Books in Airports Make for Strange Reading

Download the original attachment Airport Bookshop

Killing time in transit at Hong Kong International Airport, I was drawn as usual to the bookshop. Hong Kong being a business mecca, the front tables were predictably lined with titles like “The Three Principles of Success”, “Business Etiquette in China” and “Business, the Richard Branson Way”. Men in suits, mostly Asian made up the customers and interest oscillated between the business prep books and the pornographic magazines in mandarin wrapped up in plastic on the shelves at the back.

Confining my interest to the books that were being pushed on the customers on the front tables, I was struck by the incongruity of the themes.

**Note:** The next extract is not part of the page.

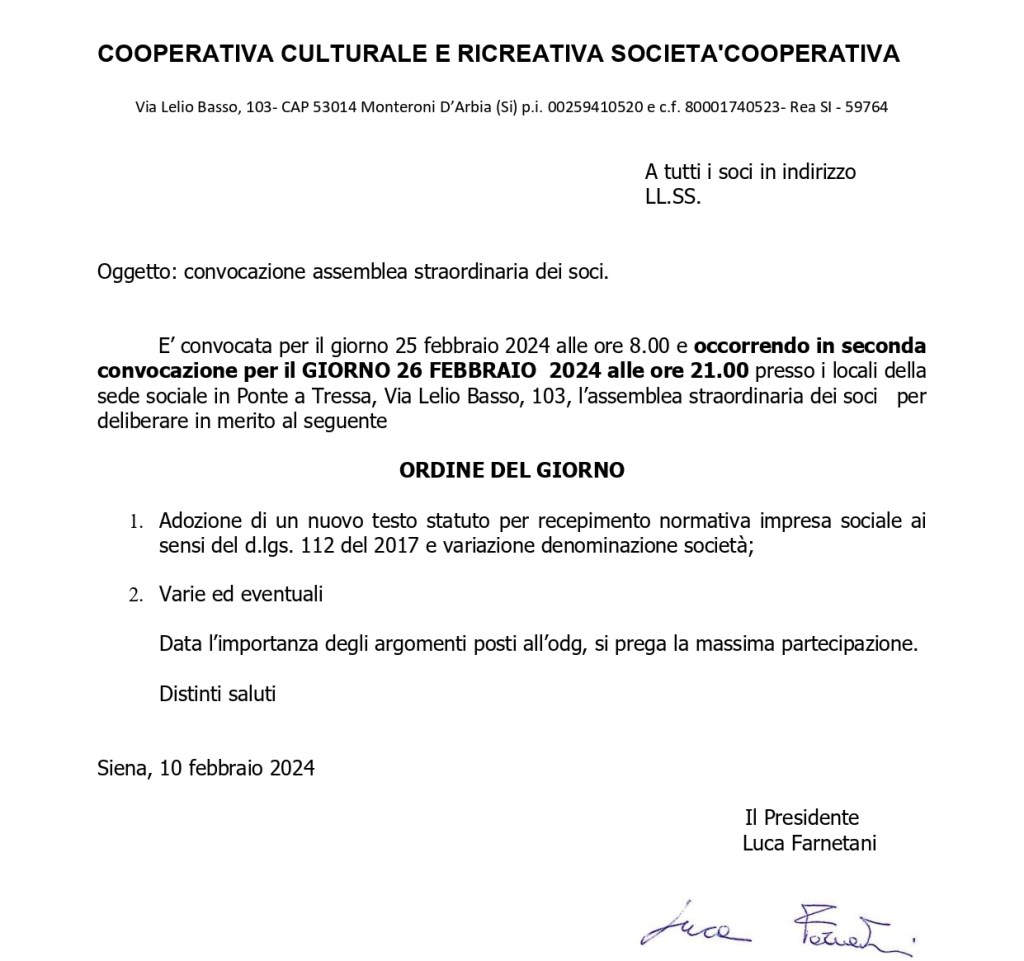 Convocazione Assemblea Straordinaria dei Soci

First of all, a newcomer to the best seller lists are the doomsday books which feature scenarios of climate change and economic plight. “The Last Great Oil Shock” and “A Game as Old as Empire” were two of the leading titles that caught my eye, the first articulating the forthcoming energy crisis and the second detailing the economic rape of the planet.

Yet by their sides were piles of shiny books celebrating the multinational corporate dream, “The Starbucks Experience” and “The Wal-Mart Effect” the most brazen of them, spilling all the secrets on how ambitious readers can rape the planet for themselves.

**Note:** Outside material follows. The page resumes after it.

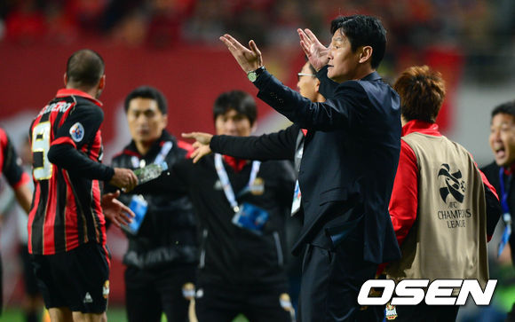 26일 서울월드컵경기장에서 열린 2013 아시아축구연맹(AFC) 챔피언스리그 결승 1차전 FC 서울과 광저우 에버그란데FC의 경기, 후반 서울 데얀의 동점골에 최용수 감독이 환호하고 있다.

Bookshops stock whatever sells. Publishers push titles on them but books won’t stay on the front tables if they’re not moving in considerable numbers. So it got me wondering whether there are two kinds of customer buying these books, one hoping to emulate the corporate giants of the world and one hoping that there will be some kind of world left once the corporations run out of steam.

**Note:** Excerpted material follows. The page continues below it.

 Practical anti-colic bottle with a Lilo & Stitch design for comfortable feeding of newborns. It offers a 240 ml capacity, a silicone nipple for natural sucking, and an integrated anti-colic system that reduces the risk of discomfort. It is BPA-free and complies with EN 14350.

Or is too much to imagine that the same people who sign contracts to dump industrial waste in the rivers of Mainland China and decimate the forests of Laos to grow rubber, are also up in arms about the stranglehold of third world debt and the madness of the modern dependency on oil.

It’s been a long road from the first Greenpeace hippies trying to save whales and rainforests in the 70’s to the eventual emergence of global awareness about the environment. For the better part of a century, capitalism has wanted to have it’s cake, eat it too and then toss the plastic wrapper in a landfill and let the next generation deal with the consequences. Now that the marketing people have discovered there’s a big dollar in trying to save the world, even the likes of BP, Shell and Wal-mart claim to be in the front line when it comes to looking after our futures. Any notion that these kinds of corporations are responsible for the shit we find ourselves in is still regarded as poorly thought through extremism.

The thing is, the looming energy crisis, world wide water shortages and the chronic inequalities of wealth on this planet aren’t an accident, not a mere blip on the face of centuries of free market economies. They’re direct results of the way society has seen fit to exploit natural resources and poorer people for their own ends. As long as we persist in believing that the price of the products we consume is contained only in the bar code tagged onto it, we fail to recognize the consequences of each product made, sold and consumed. A bag of salad that travels 3000 miles to reach your local supermarket costs far more than the cash it takes to pay for it. Just ask the drought-ridden country whose water was appropriated to grow your rocket leaves.

“Look honey, this one’s all about the people who founded Starbucks – you said you want to be a businessman when you grow up. This one might give you some inspiration.”

I actually heard a painfully loud Australian mother say that whilst I was reading “A Game as Old as Empire” and learning how third world countries have their arms twisted behind their backs to sign disadvantageous trade agreements. That’s right, let’s inspire the boy. Then once he’s read the book let’s send him to work 15 hours a day on a coffee plantation on Guatemala where all the workers drink Nescafe on their breaks.

Looking around the bookshop, the Dalai Lama’s words were segregated to the Spirituality section, numerous tales of time served on drug sentences in Thai jails lined the South East Asia section and books with flowers and suspenders on the cover made the Chick Lit shelves.

But people struggling to eat and drink in the Third World will never read those books. And if the continents flood from global warming then land itself will become a jail, one that shrinks with each year. Since when did saving the world become a market, a category to line up neatly next to corporate success stories?